“I like your blog,” someone will whisper to me at a party. It’s their secret — and I guess it’s a dirty one since they whisper it to me. Yes, I write a humor blog — which does, occasionally, address sexual penchants. Interestingly, the issues surrounding both are similar.
There’s a certain terror in being amused or aroused by something outside “the norm.” When I first started listening to my favorite comedy podcast which finds humor in all things (including truly horrific news items) I was a little taken aback by the conflict I felt at my reaction. “I’m a decent person,” I thought, “and yet I’m laughing at this…” I felt the same kind of discord in what I was turned on by: “But I can’t be this terrible… What is wrong with me?”
When it comes down to it, while we many not wish to find certain things funny, you like what you like.

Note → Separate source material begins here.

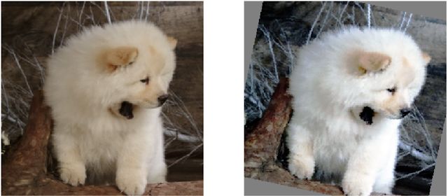 左:ImageNet数据集的原始图像。右:AutoAugment策略转换的相同图像。首先,最大化图像对比度,然后旋转图像。
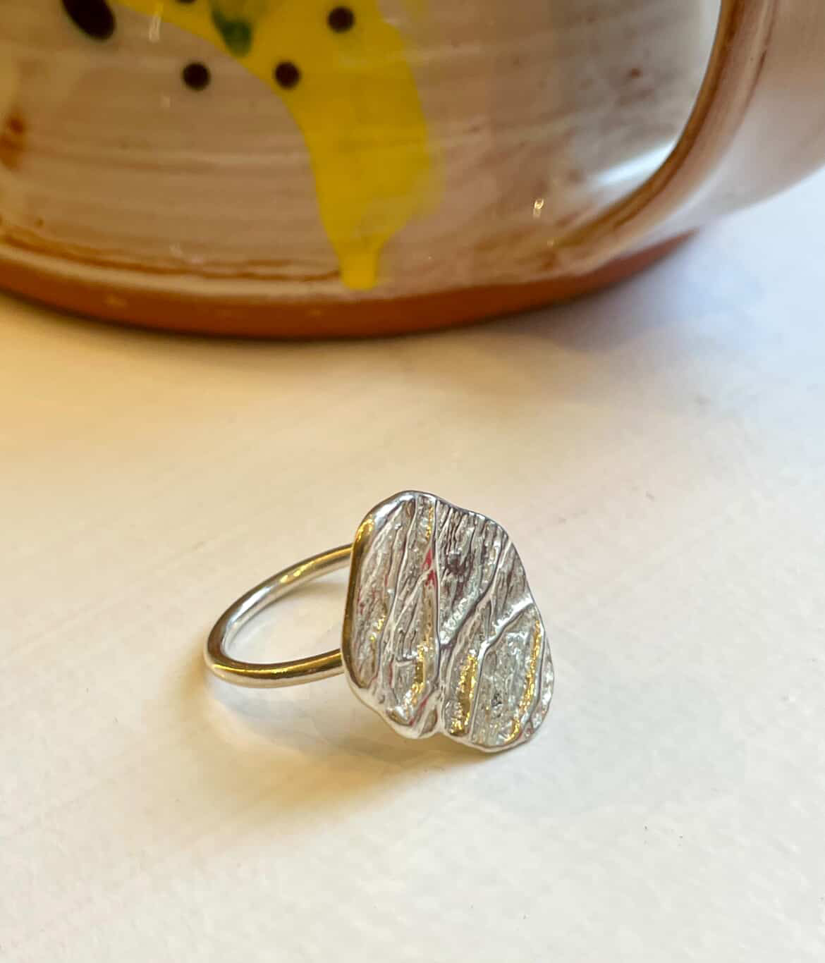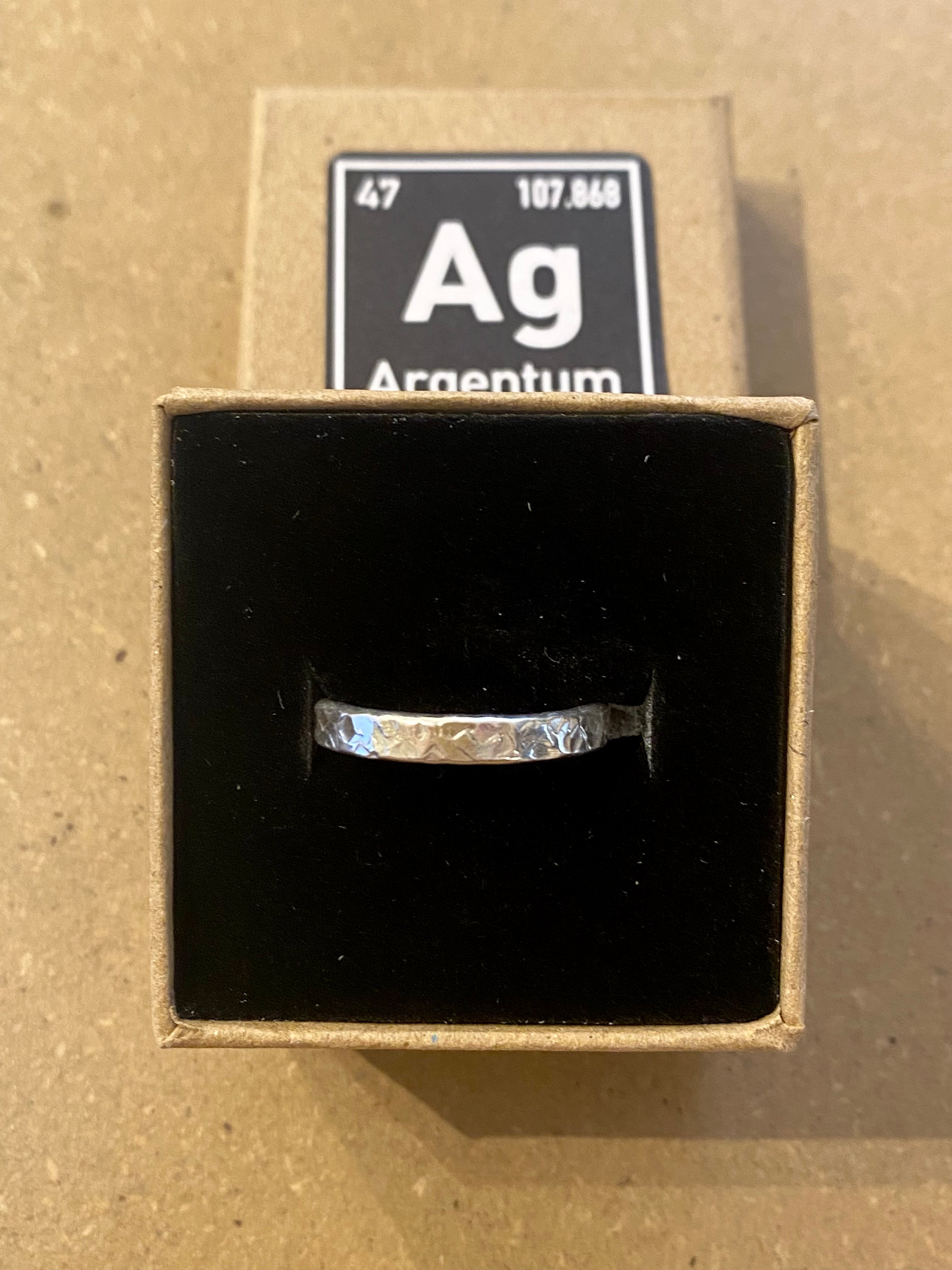 Firkantet hammerslået sølvring

Similarly, many people find they have certain sexual desires — which they would, in a perfect world, prefer to dismiss.
There are a few other similarities I see between humor and fetishes:
Of course, I think murder is tragic and difficult to fathom. The act itself is as horrific and unfunny as you can get. But the context and inciting factors can be almost as baffling as the crime itself. In my own podcast, I’ve turned assessing the absurdity into a type of game. I marvel at the bizarreness of a murder apparently motivated by not wanting to play Yahtzee or the defense of a killer who claimed he was only attacking people in order to promote his film. Context provides permission to deviate from societal norms, and a place to do it.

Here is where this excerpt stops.